Please give back the listing below word for word and drop any images.

<<<<

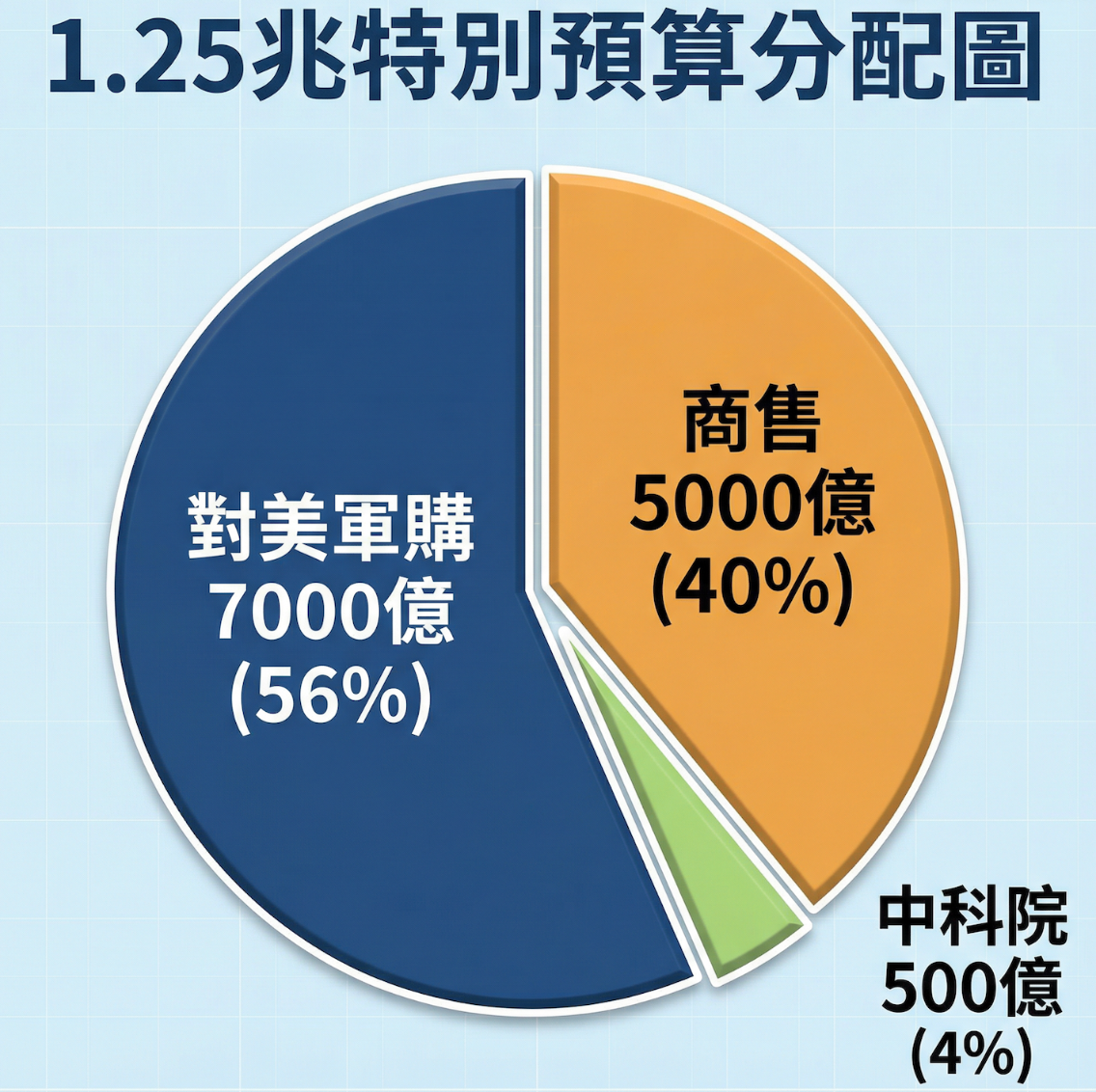 總統賴清德拋出1.25兆元的「強化防衛韌性及不對稱戰力計畫採購」特別條例,預算內容保密到家,知情人士透露,其中,初估約有7千億元是對美軍購為最大宗,5千億元為商售,國防自主重鎮的中科院分到約500億元為最少。
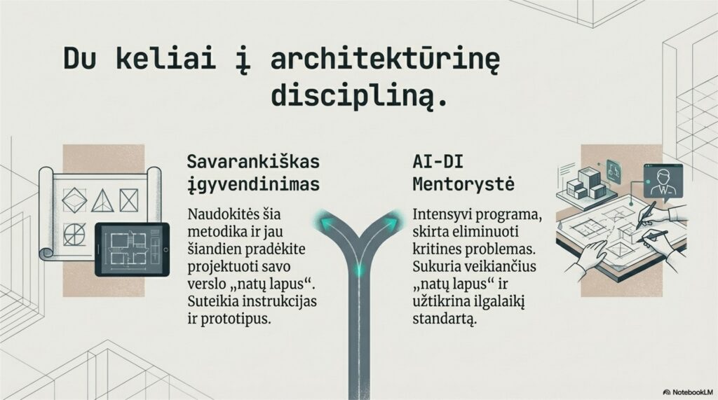 Jei esate MVĮ vadovas ar savininkas, šiuo metu skęstantis operaciniame džiaze, jūsų laukia du fundamentalūs pasirinkimai. Galite savarankiškai pasinaudoti šia AI-DI metodika ir jau šiandien pradėti projektuoti savo verslo „natų lapus“.
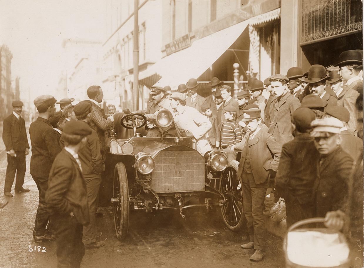 Motorists and onlookers surrounding 1905 American Mercedes automobile
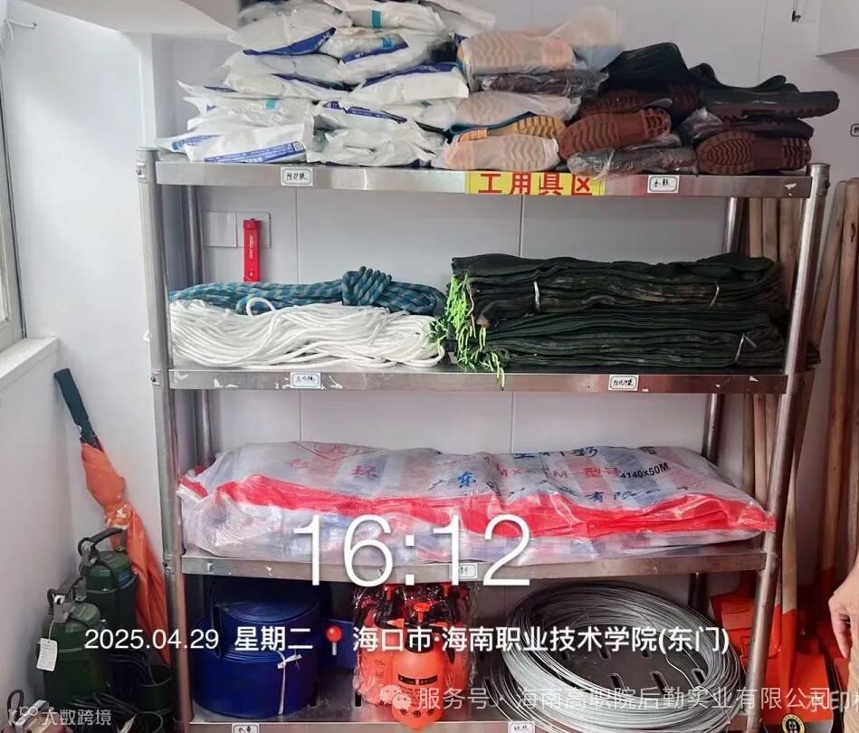 为确保学校安全度汛,海南高职院后勤实业有限公司提前采购了一批防台防汛物资,确保一旦发生汛情,能够迅速响应,有充足的物资保障抢险救援工作顺利开展。
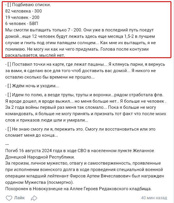 Но после боев он вел свой дневник, где описывал, какие потери несут его рота и весь батальон в нескончаемых "мясных атаках". Во время 10-дневного штурма одной посадки весь его батальон на глазах Фирсова погиб или получил ранения, и это морально сломило россиянина из Новокузнецка.

>>>>

> [YOUR RESPONSE]:
 總統賴清德拋出1.25兆元的「強化防衛韌性及不對稱戰力計畫採購」特別條例,預算內容保密到家,知情人士透露,其中,初估約有7千億元是對美軍購為最大宗,5千億元為商售,國防自主重鎮的中科院分到約500億元為最少。
 Jei esate MVĮ vadovas ar savininkas, šiuo metu skęstantis operaciniame džiaze, jūsų laukia du fundamentalūs pasirinkimai. Galite savarankiškai pasinaudoti šia AI-DI metodika ir jau šiandien pradėti projektuoti savo verslo „natų lapus“.
 Motorists and onlookers surrounding 1905 American Mercedes automobile
 为确保学校安全度汛,海南高职院后勤实业有限公司提前采购了一批防台防汛物资,确保一旦发生汛情,能够迅速响应,有充足的物资保障抢险救援工作顺利开展。
 Но после боев он вел свой дневник, где описывал, какие потери несут его рота и весь батальон в нескончаемых "мясных атаках". Во время 10-дневного штурма одной посадки весь его батальон на глазах Фирсова погиб или получил ранения, и это морально сломило россиянина из Новокузнецка.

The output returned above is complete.